First, we can make ourselves a little "freaked" at first, it did for me once or twice when I was in a deep state, but I know its safe and I am really use to it doing the HT in general now.Mike probably knows more then I do about this for sure, but its nothing to worry about. A couple times I have just looked at the tape and said its just a tape. LOLThis is new to you but the more you do it the less that will happen.As for falling asleep its no problem at the moment, just let yourself do whatever comes naturally.As for your friend listening, I don't see a problem with that, but don't listen to your sessions together, you don't want any interuptions.


----------



## Nikki (Jul 11, 2000)

I know you didn't know. SOrry, i dodn't eben think to email you. I have been talking it over with Clair and Mike a bit. We had to sort a bit of stuff out.I will email you about it all soon enough.How is your Dad? Is he OK? I hope he will be better soon. friends mum was it? I'm really sorry to hear all this. Sometimes bad stuff jsut happens all in one go doesn't it?I think i will email you the rest of the stuff.I'm around all day tomrrow. I have a day off. Email me then, it depends how free you are depenidng on your Dad and friend.Talk soon.S.


----------



## zayaka26 (Jul 5, 2001)

Hi Spliff,I am on side 3 also and like you saw in my post I am having some trouble with falling asleep at the end. I have felt what you describe in this side 3 and I tried to analized it (I have this bad habit of analizing everything







). It is weird that this side made me a little scared, but it is my favorite so far; I guess it is the music in it. At some point (about ten minutes also) I said to myself "what is that?" thinking it was something in the environment, not the CD. Then I realized it was the music effect and I was like "Cool!!!". Now I am looking forward to that specific part







because it makes me feel weird, but in the good sense of it.

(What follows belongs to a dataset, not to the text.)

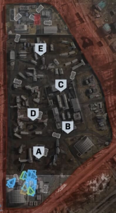 B・C地点付近はマップ構造がCOD MW2のScrapyardそっくりであり、経験者であれば有利に戦いやすい。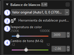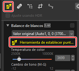 Ajuste el balance de blancos. Tenga en cuenta que esta herramienta solo está disponible con imágenes RAW e imágenes con desplazamiento de píxel combinadas.

Good luck with that.


----------



## norbert46 (Feb 20, 2001)

Getting a little jittery is normal and probably and indication that something in our minds is being corrected because it is resisting. Just let it go and relax, everything will be fine! The tapes just get better as you go, good luck! Eric, I hope everything gets better for your family! Norb


----------



## Nikki (Jul 11, 2000)

Zay, I too have a big problem with analysing everything. Its because i have studied psychology in the pst i think. I start trying to analyse everyone! I come up with some bizarre reason for everything! LOLI even came up with the pretty cool resoning as to why my Dad is the way he is, but unfortunately, its only scientifically correct if you stick exactly to some anceint psychologist that has been proven completely wrong now!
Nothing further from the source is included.